Here is a simple approach with a 256 bit image-hash (MD5 has 128 bit)
- resize the picture to 16x16 pixel

- reduce colors to black/white (which equals true/false in this console output)

- read the boolean values into
List<bool>
- this is the hash
Code:
public static List<bool> GetHash(Bitmap bmpSource)
{
List<bool> lResult = new List<bool>();
//create new image with 16x16 pixel
Bitmap bmpMin = new Bitmap(bmpSource, new Size(16, 16));
for (int j = 0; j < bmpMin.Height; j++)
{
for (int i = 0; i < bmpMin.Width; i++)
{
//reduce colors to true / false
lResult.Add(bmpMin.GetPixel(i, j).GetBrightness() < 0.5f);
}
}
return lResult;
}
I know, GetPixel
is not that fast but on a 16x16 pixel image it should not be the bottleneck.
- compare this hash to hash values from other images and add a tolerance.(number of pixels that can differ from the other hash)
Code:
List<bool> iHash1 = GetHash(new Bitmap(@"C:\mykoala1.jpg"));
List<bool> iHash2 = GetHash(new Bitmap(@"C:\mykoala2.jpg"));
//determine the number of equal pixel (x of 256)
int equalElements = iHash1.Zip(iHash2, (i, j) => i == j).Count(eq => eq);
So this code is able to find equal images with:
- different file formats (e.g. jpg, png, bmp)
- rotation (90, 180, 270), horizontal /vertical flip - by changing the iteration order of
i
and j
- different dimensions (same aspect is required)
- different compression (tolerance is required in case of quality loss like jpeg artifacts) - you can accept a 99% equality to be the same image and 50% to be a different one.
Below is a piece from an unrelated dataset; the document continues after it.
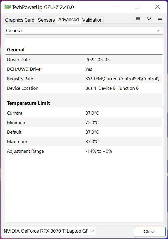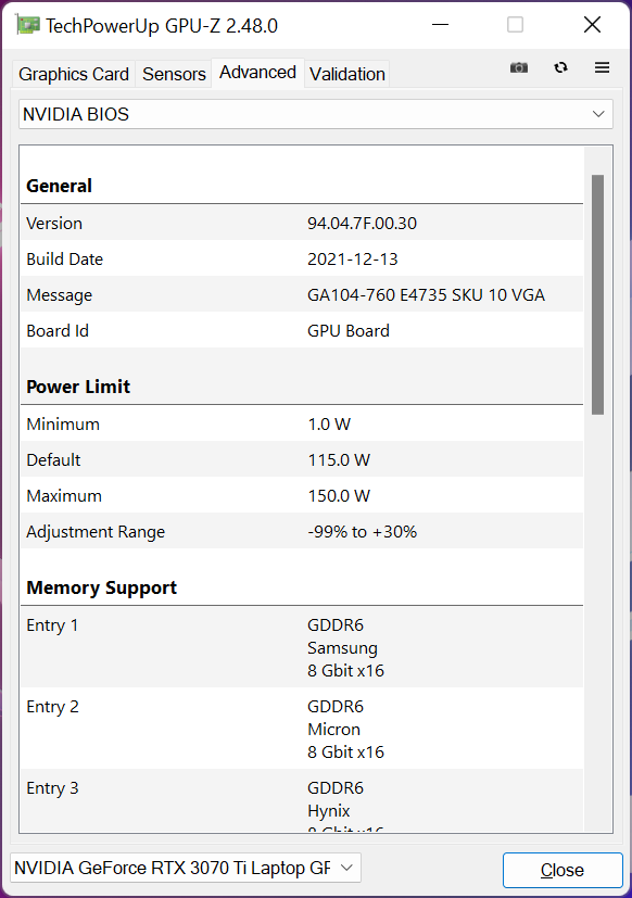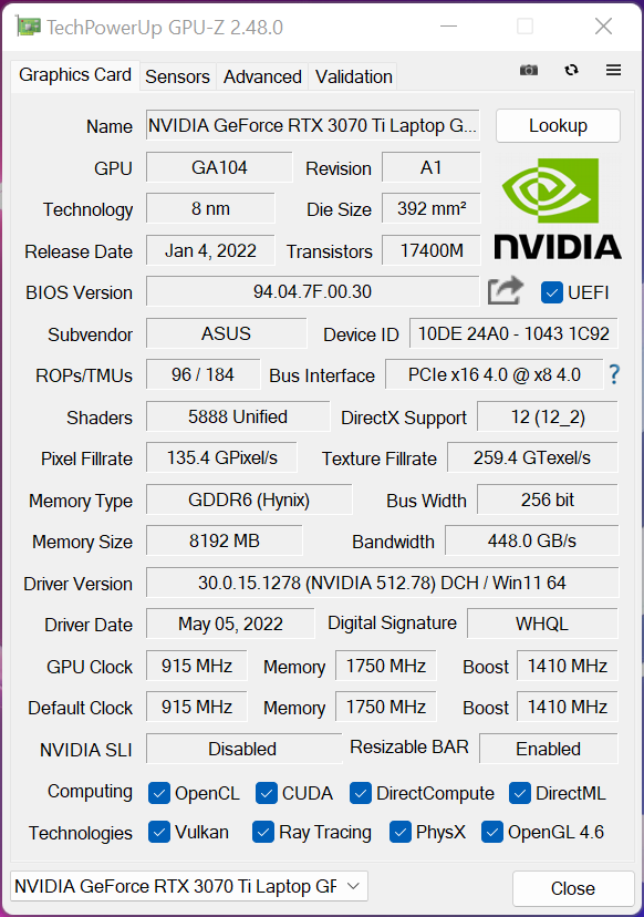 За обработку графических данных при нагрузке отвечает мобильная видеокарта GeForce RTX 3070 Ti. Ядро GA104 орудует 5888 шейдерными блоками, что поменьше чем в настольной карте, но достаточно для игры в современные проекты. Видеокарта может разгоняться до 1410 МГц, но есть ограничения по мощности на уровне 115 Вт с поднятием TGP до 150 Вт. Используется восемь гигабайт памяти GDDR6 на 256-битной шине с эффективной частотой 14000 МГц. В 2D за картинку отвечает графическое ядро Intel Iris Xe с 96 шейдерными блоками.

- colored changed to geyscaled and the other way round (because brightness is independent of color)
Update / Improvements:
after using this method for a while I noticed a few improvements that can be done
- replacing
GetPixel
for more performance
- using the exeif-thumbnail instead of reading the whole image for a performance improvement
- instead of setting
0.5f
to differ between light and dark - use the distinct median brightness of all 256 pixels. Otherwise dark/light images are assumed to be the same and it enables to detect images which have a changed brightness.
- if you need fast calculations, use
bool[]
or List<bool>
if you need to store a lot hashes with the need to save memory, use a Bitarray
because a Boolean isn't stored in a bit, it takes a byte!